FIFA sebelumnya mendakwa FAM melanggar Pasal 22 Kode Disiplin FIFA (FDC) terkait pemalsuan dokumen.
Pelanggaran ini melibatkan tujuh pemain naturalisasi Timnas Malaysia, yaitu Gabriel Palmero, Facundo Garces, Rodrigo Holgado, Imanol Machuca, Joao Figueiredo, Jon Irazabal, dan Hector Hevel.
Komite Disiplin FIFA telah menjatuhkan denda sebesar 350.000 franc Swiss (sekitar Rp7,3 miliar) kepada FAM atas pelanggaran tersebut.
Ketujuh pemain naturalisasi itu juga didenda masing-masing 2.000 franc Swiss (sekitar Rp42 juta) dan dilarang beraktivitas di sepak bola selama 12 bulan.
FIFA memberikan waktu 10 hari bagi pihak yang melanggar untuk mengajukan banding sejak sanksi dijatuhkan pada 26 September lalu.
Seharusnya, batas waktu pengajuan banding adalah Senin (6/10/2025). Namun, hingga kini FAM belum mengajukan banding.
Sekretaris Jenderal FAM, Datuk Noor Azman Rahman, menyatakan bahwa pihaknya masih menunggu dokumen lengkap putusan dari FIFA sebelum mengajukan banding.
“Proses banding hanya dapat dimulai setelah dokumen keputusan lengkap diterima secara resmi,” kata Azman seperti dikutip dari Bharian.com.my.
“Setelah keputusan lengkap diterima, tim hukum FAM akan mengajukan banding dengan dokumen pendukung yang kuat,” tambahnya.

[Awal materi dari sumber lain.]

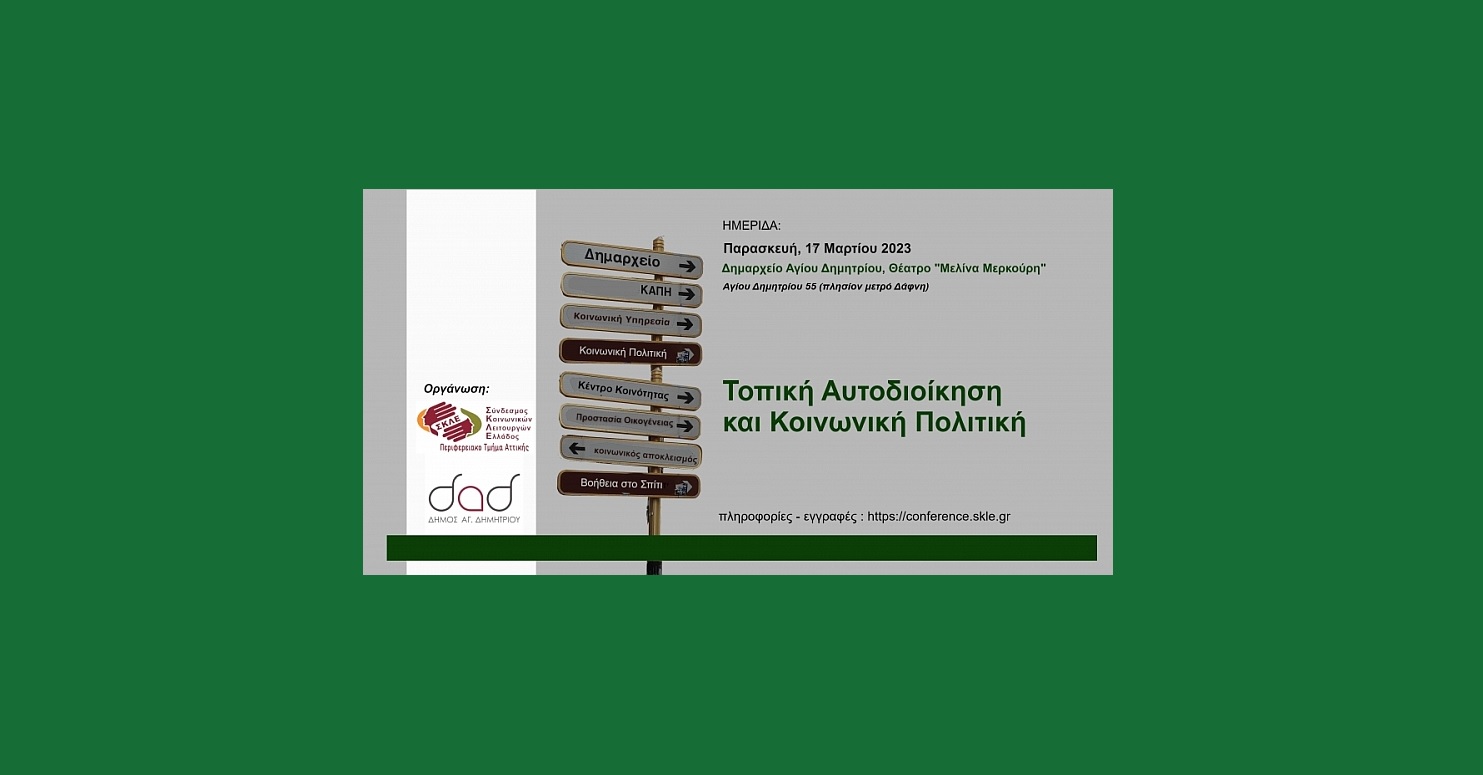 Το Περιφερειακό Τμήμα του Συνδέσμου Κοινωνικών Λειτουργών Ελλάδας (ΝΠΔΔ) Αττικής και ο Δήμος Αγίου Δημητρίου, συνδιοργανώνουν επιστημονική ημερίδα με θέμα “Τοπική Αυτοδιοίκηση και Κοινωνική Πολιτική”.
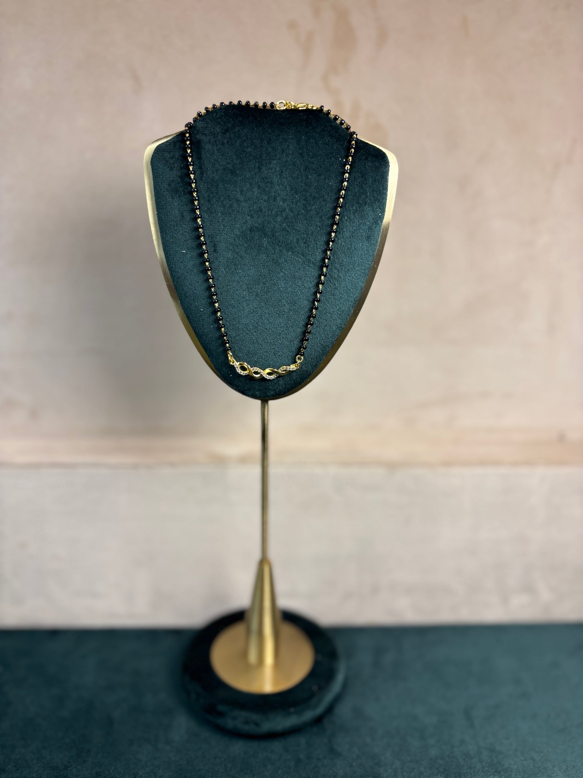 Celebrate tradition with a touch of modern elegance with this beautifully crafted 92.5 silver mangalsutra. Designed with a sleek black bead chain and a finely detailed infinity twirl pendant, it symbolizes love, protection, and timeless beauty. Lightweight yet durable, this piece is perfect for both daily wear and special occasions.

Sebelumnya, Azman mengakui adanya kesalahan teknis dalam proses penyerahan dokumen tujuh pemain naturalisasi.
Namun, ia tidak merinci kesalahan teknis yang dimaksud.
Ia hanya menegaskan bahwa ketujuh pemain naturalisasi tersebut adalah warga negara Malaysia yang sah.
“FAM menanggapi masalah ini dengan serius. Namun, FAM ingin menekankan bahwa para pemain warisan yang terlibat adalah warga negara Malaysia yang sah,” ujarnya.